SUPPLIED RECORDS Start Marker
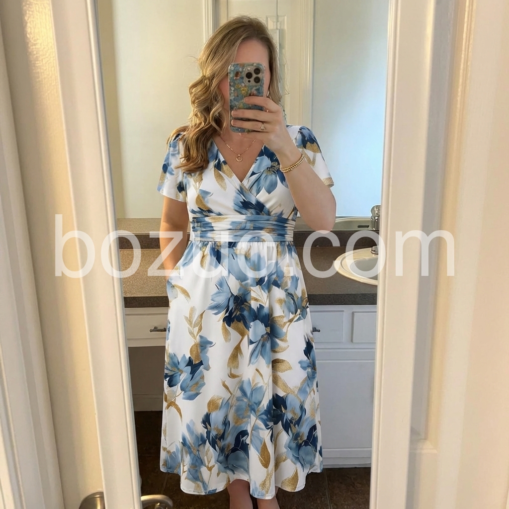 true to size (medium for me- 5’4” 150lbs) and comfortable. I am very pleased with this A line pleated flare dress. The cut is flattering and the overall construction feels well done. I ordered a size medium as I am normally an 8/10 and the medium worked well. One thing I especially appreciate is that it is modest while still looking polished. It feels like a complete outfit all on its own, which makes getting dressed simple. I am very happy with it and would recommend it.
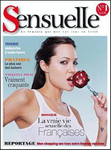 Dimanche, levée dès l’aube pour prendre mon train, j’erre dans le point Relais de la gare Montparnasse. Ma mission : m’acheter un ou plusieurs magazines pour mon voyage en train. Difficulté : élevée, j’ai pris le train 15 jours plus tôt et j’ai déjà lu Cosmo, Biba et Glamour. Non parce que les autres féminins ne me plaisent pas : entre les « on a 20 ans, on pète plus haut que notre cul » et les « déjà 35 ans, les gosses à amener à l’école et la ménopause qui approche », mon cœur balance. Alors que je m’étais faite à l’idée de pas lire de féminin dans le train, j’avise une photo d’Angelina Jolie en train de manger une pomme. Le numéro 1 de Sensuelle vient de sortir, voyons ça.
SUPPLIED RECORDS End Marker
SUPPLIED RECORDS Start Marker
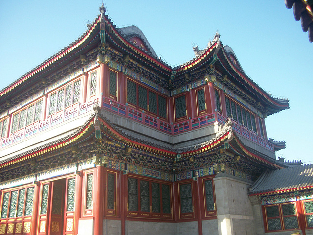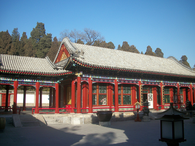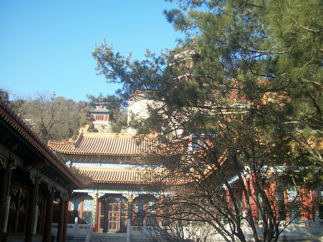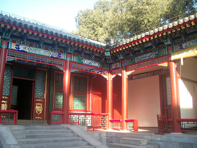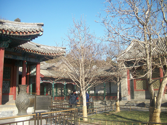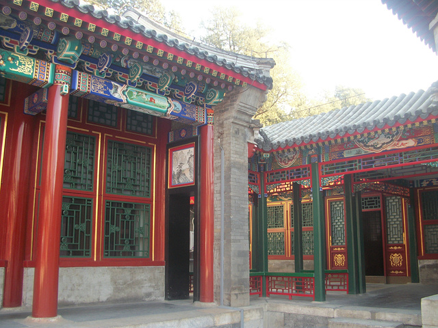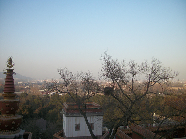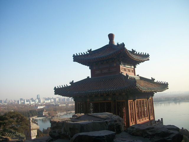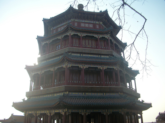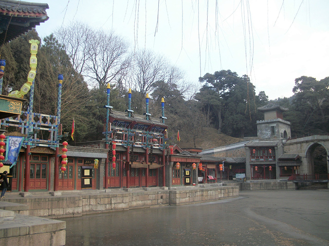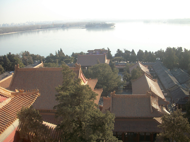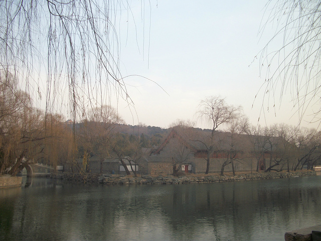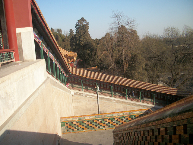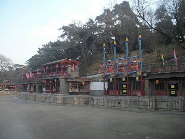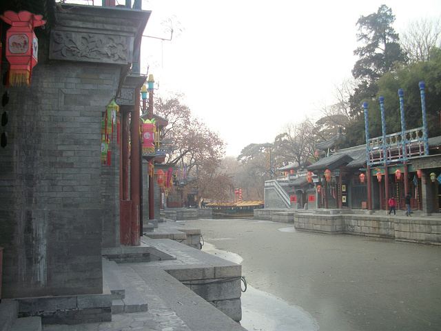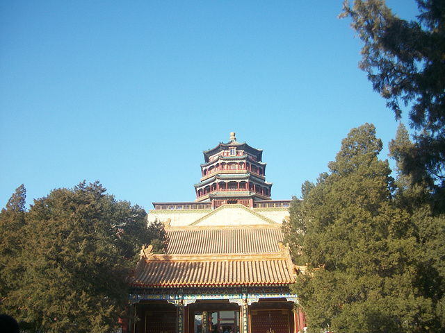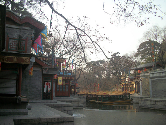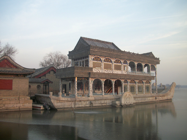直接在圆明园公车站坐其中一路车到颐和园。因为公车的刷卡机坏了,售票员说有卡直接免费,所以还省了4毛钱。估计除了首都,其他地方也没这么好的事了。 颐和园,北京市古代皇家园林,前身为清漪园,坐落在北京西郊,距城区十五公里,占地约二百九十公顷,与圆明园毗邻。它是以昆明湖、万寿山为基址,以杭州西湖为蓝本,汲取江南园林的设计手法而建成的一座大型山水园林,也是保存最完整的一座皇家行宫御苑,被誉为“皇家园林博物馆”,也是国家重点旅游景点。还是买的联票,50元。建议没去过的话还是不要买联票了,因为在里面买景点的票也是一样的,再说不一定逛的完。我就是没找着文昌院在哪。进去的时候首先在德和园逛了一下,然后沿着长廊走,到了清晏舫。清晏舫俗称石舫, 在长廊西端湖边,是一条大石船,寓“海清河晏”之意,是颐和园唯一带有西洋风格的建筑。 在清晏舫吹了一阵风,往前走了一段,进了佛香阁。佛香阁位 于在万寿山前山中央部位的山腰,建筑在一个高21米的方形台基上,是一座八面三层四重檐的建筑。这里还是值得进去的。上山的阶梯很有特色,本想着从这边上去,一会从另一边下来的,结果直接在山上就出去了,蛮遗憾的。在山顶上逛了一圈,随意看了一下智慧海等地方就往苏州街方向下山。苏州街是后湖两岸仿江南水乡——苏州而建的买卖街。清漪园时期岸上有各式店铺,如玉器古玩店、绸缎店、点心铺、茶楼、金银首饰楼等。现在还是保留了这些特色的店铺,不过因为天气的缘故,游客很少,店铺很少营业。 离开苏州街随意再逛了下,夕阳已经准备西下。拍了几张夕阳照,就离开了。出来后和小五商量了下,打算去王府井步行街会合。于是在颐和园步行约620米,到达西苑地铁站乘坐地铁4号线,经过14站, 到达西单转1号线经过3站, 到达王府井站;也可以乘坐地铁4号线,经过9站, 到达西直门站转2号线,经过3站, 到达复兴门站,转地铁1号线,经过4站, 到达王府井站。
SUPPLIED RECORDS End Marker
SUPPLIED RECORDS Start Marker
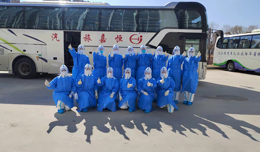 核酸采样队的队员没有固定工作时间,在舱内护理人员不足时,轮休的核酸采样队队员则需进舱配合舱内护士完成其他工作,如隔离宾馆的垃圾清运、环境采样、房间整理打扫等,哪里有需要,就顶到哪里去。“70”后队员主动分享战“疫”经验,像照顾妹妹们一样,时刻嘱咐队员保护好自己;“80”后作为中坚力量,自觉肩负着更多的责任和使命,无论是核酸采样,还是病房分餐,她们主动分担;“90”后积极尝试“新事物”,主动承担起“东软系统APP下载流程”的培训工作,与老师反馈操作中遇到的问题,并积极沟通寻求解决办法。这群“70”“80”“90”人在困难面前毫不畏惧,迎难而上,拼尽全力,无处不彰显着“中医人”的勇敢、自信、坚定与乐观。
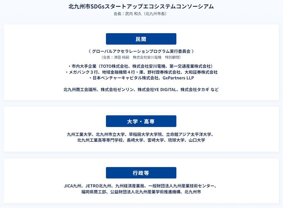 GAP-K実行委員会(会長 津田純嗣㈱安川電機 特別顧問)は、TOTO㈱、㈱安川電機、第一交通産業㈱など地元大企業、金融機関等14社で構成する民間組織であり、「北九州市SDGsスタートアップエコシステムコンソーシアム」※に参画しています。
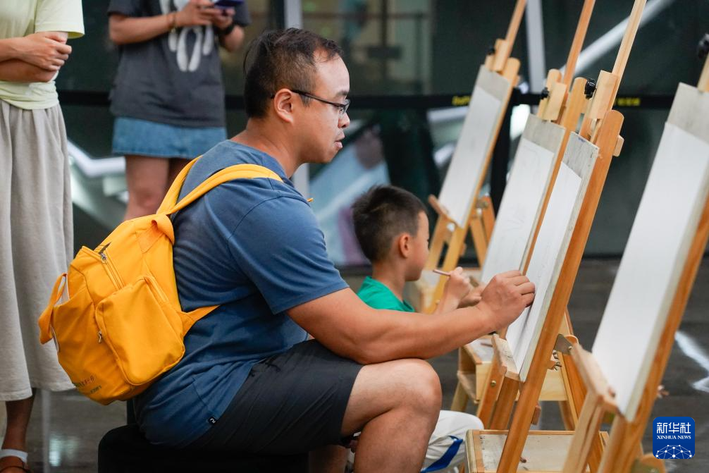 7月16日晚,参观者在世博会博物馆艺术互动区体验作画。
SUPPLIED RECORDS End Marker
[ABOUT THIS EXERCISE]
After locating the line containing "true to size" in the entries above, return it and every line after it exactly, ending at the line containing "Dimanche, levée dès", without pictures.

[EXERCISE ANSWER]
 true to size (medium for me- 5’4” 150lbs) and comfortable. I am very pleased with this A line pleated flare dress. The cut is flattering and the overall construction feels well done. I ordered a size medium as I am normally an 8/10 and the medium worked well. One thing I especially appreciate is that it is modest while still looking polished. It feels like a complete outfit all on its own, which makes getting dressed simple. I am very happy with it and would recommend it.
 Dimanche, levée dès l’aube pour prendre mon train, j’erre dans le point Relais de la gare Montparnasse. Ma mission : m’acheter un ou plusieurs magazines pour mon voyage en train. Difficulté : élevée, j’ai pris le train 15 jours plus tôt et j’ai déjà lu Cosmo, Biba et Glamour. Non parce que les autres féminins ne me plaisent pas : entre les « on a 20 ans, on pète plus haut que notre cul » et les « déjà 35 ans, les gosses à amener à l’école et la ménopause qui approche », mon cœur balance. Alors que je m’étais faite à l’idée de pas lire de féminin dans le train, j’avise une photo d’Angelina Jolie en train de manger une pomme. Le numéro 1 de Sensuelle vient de sortir, voyons ça.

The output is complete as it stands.